Exercise: After finding "Sea como sea, los" in a line below, print that line and the rest of the lines exactly, leaving out all pictures.

##########

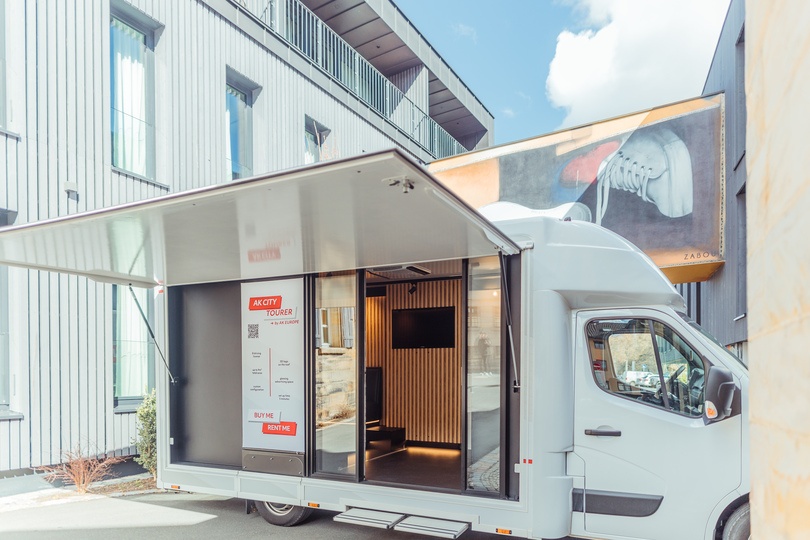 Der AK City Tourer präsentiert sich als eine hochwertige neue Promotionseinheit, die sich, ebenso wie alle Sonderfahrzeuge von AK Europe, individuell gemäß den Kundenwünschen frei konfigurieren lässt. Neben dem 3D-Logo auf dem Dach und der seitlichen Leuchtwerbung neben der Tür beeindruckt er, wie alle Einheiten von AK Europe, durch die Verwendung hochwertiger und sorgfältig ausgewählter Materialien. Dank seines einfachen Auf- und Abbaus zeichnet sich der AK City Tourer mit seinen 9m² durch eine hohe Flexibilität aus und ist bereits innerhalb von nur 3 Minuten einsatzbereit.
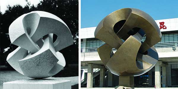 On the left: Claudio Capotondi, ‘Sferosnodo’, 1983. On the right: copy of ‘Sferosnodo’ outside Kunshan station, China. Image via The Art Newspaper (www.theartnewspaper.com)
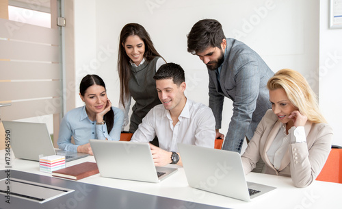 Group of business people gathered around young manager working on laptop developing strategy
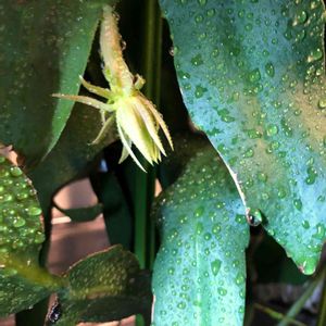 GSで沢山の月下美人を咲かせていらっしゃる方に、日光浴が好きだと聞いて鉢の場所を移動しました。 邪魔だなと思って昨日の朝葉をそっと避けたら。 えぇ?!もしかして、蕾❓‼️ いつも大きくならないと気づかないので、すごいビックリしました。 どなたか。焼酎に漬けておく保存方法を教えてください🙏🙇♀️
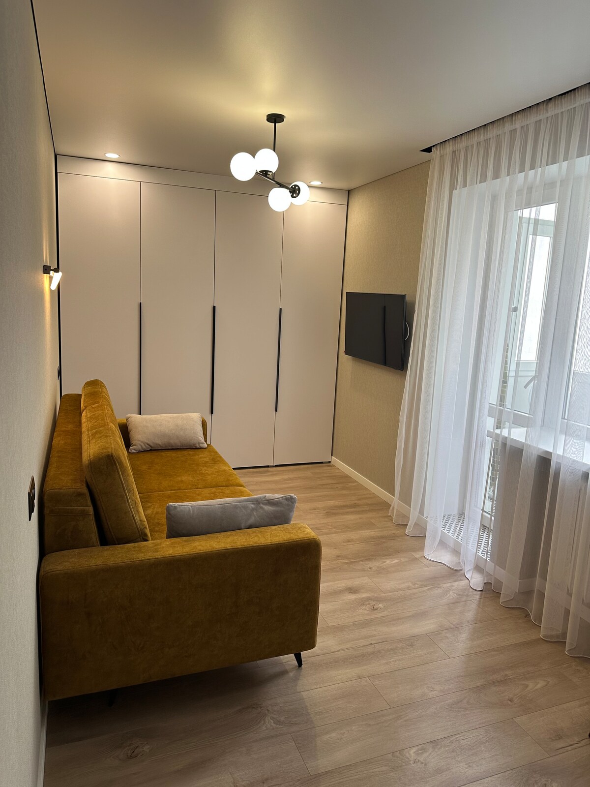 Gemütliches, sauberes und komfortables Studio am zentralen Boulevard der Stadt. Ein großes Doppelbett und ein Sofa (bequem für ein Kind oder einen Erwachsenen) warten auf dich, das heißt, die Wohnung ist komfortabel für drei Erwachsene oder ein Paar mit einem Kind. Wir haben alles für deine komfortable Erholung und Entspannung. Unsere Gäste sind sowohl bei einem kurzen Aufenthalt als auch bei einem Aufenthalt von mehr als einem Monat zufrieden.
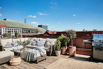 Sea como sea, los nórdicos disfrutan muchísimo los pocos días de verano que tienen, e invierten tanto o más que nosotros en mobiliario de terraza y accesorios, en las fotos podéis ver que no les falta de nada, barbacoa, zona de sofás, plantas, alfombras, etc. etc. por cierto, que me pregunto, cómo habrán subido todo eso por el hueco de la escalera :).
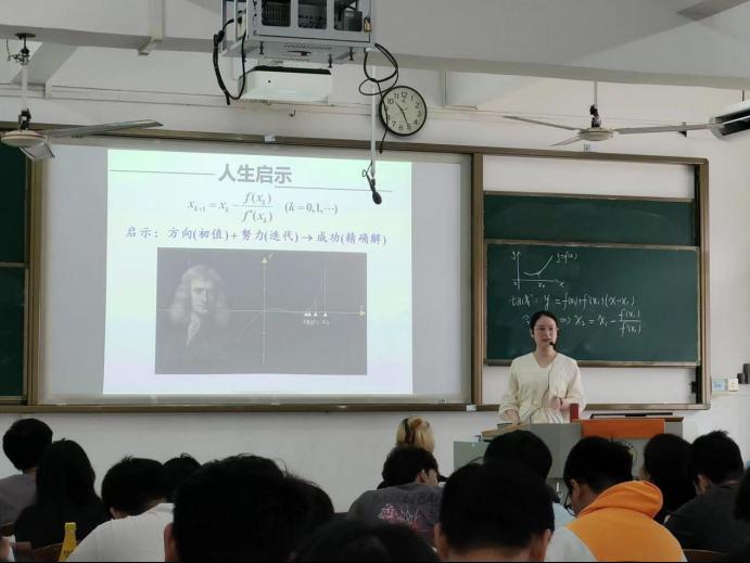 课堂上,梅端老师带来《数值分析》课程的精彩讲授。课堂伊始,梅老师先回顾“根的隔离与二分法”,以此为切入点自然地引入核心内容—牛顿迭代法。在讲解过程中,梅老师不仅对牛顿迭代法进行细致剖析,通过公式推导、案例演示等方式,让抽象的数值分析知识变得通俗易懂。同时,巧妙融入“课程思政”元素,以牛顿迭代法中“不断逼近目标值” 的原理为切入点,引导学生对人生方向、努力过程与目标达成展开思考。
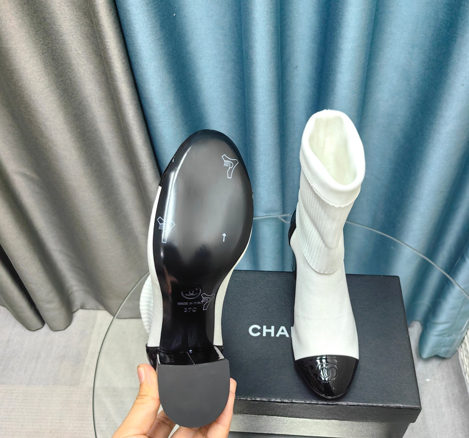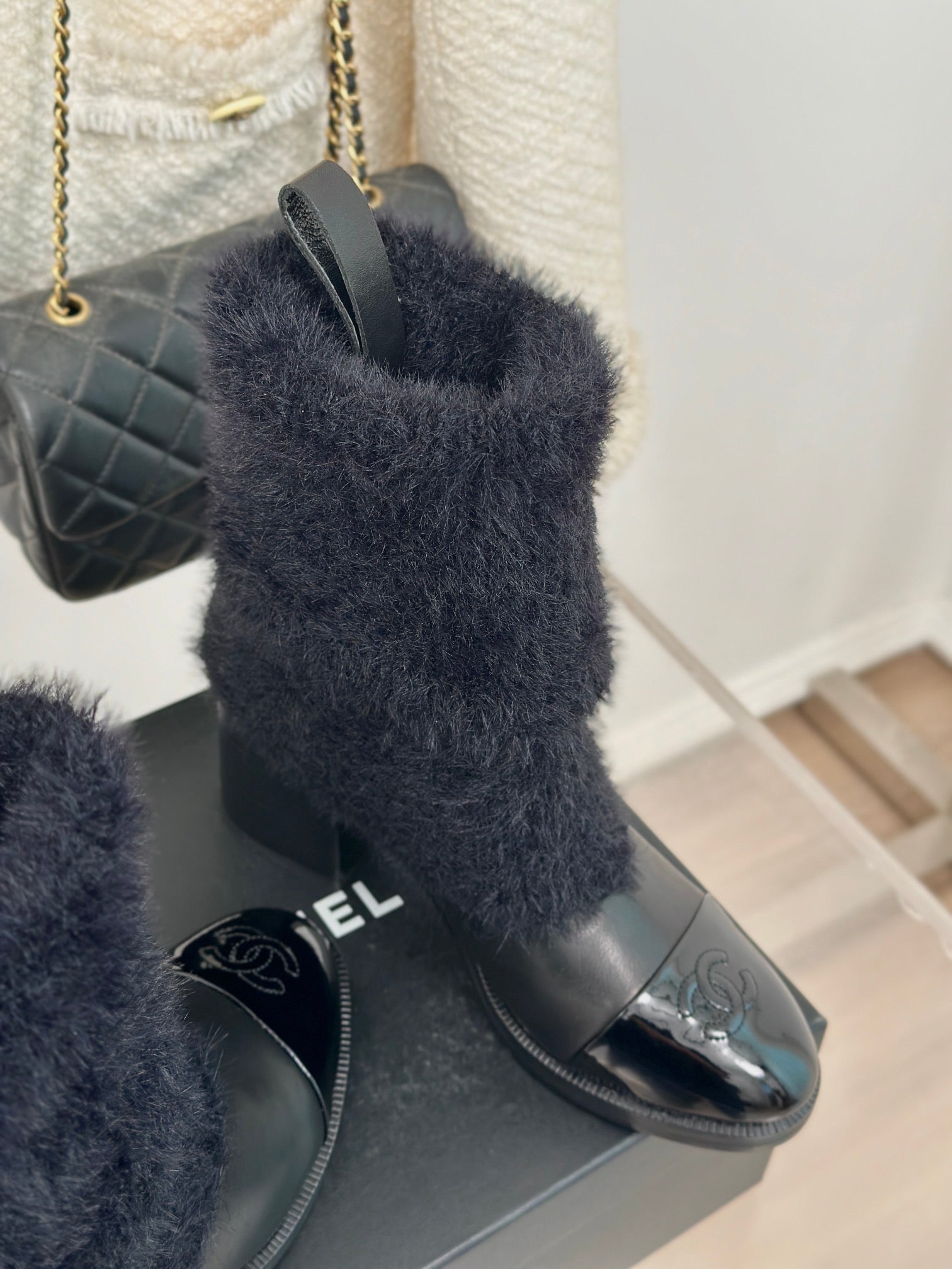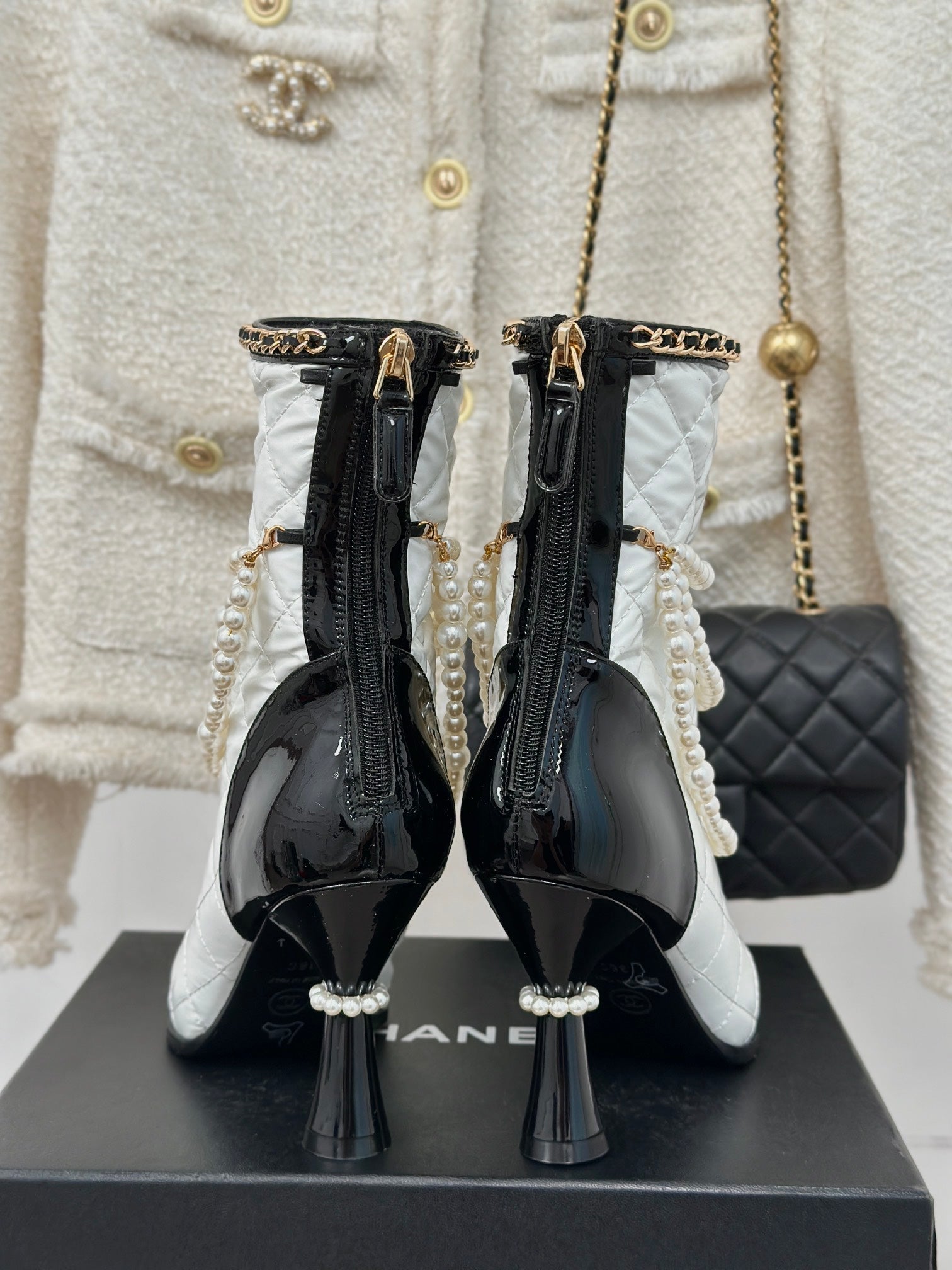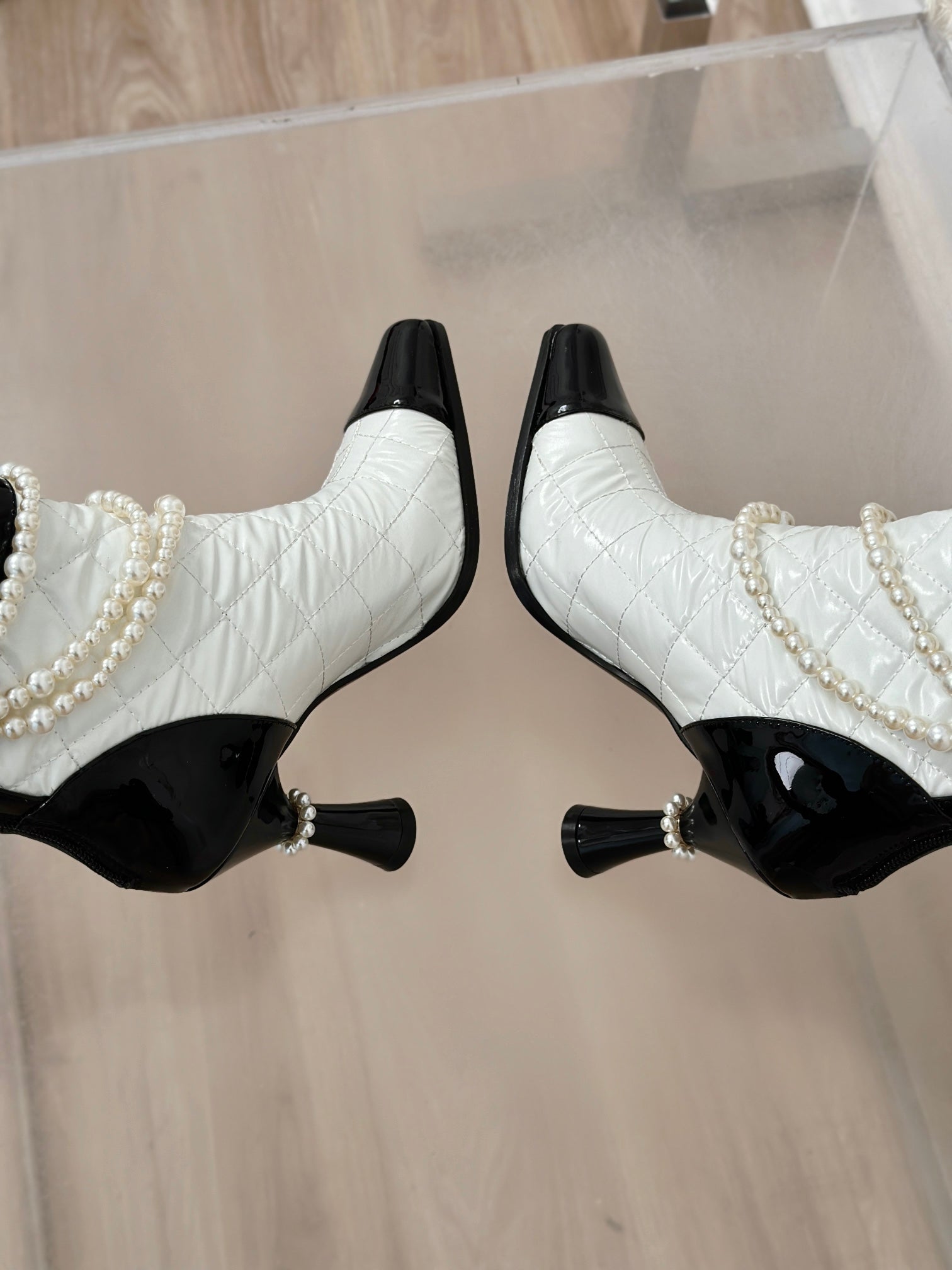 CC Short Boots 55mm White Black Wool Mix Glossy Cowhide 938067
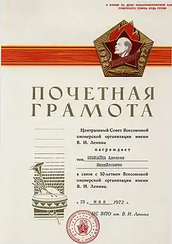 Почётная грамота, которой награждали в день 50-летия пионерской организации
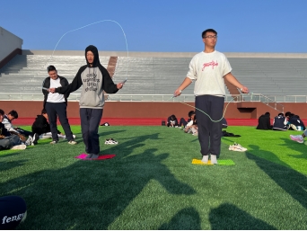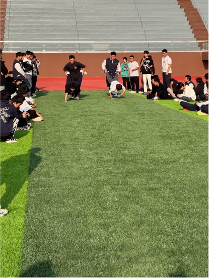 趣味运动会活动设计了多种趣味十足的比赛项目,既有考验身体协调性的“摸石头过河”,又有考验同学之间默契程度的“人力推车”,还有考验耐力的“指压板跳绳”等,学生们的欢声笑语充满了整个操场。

##########

The answer:
 Sea como sea, los nórdicos disfrutan muchísimo los pocos días de verano que tienen, e invierten tanto o más que nosotros en mobiliario de terraza y accesorios, en las fotos podéis ver que no les falta de nada, barbacoa, zona de sofás, plantas, alfombras, etc. etc. por cierto, que me pregunto, cómo habrán subido todo eso por el hueco de la escalera :).
 课堂上,梅端老师带来《数值分析》课程的精彩讲授。课堂伊始,梅老师先回顾“根的隔离与二分法”,以此为切入点自然地引入核心内容—牛顿迭代法。在讲解过程中,梅老师不仅对牛顿迭代法进行细致剖析,通过公式推导、案例演示等方式,让抽象的数值分析知识变得通俗易懂。同时,巧妙融入“课程思政”元素,以牛顿迭代法中“不断逼近目标值” 的原理为切入点,引导学生对人生方向、努力过程与目标达成展开思考。
 CC Short Boots 55mm White Black Wool Mix Glossy Cowhide 938067
 Почётная грамота, которой награждали в день 50-летия пионерской организации
 趣味运动会活动设计了多种趣味十足的比赛项目,既有考验身体协调性的“摸石头过河”,又有考验同学之间默契程度的“人力推车”,还有考验耐力的“指压板跳绳”等,学生们的欢声笑语充满了整个操场。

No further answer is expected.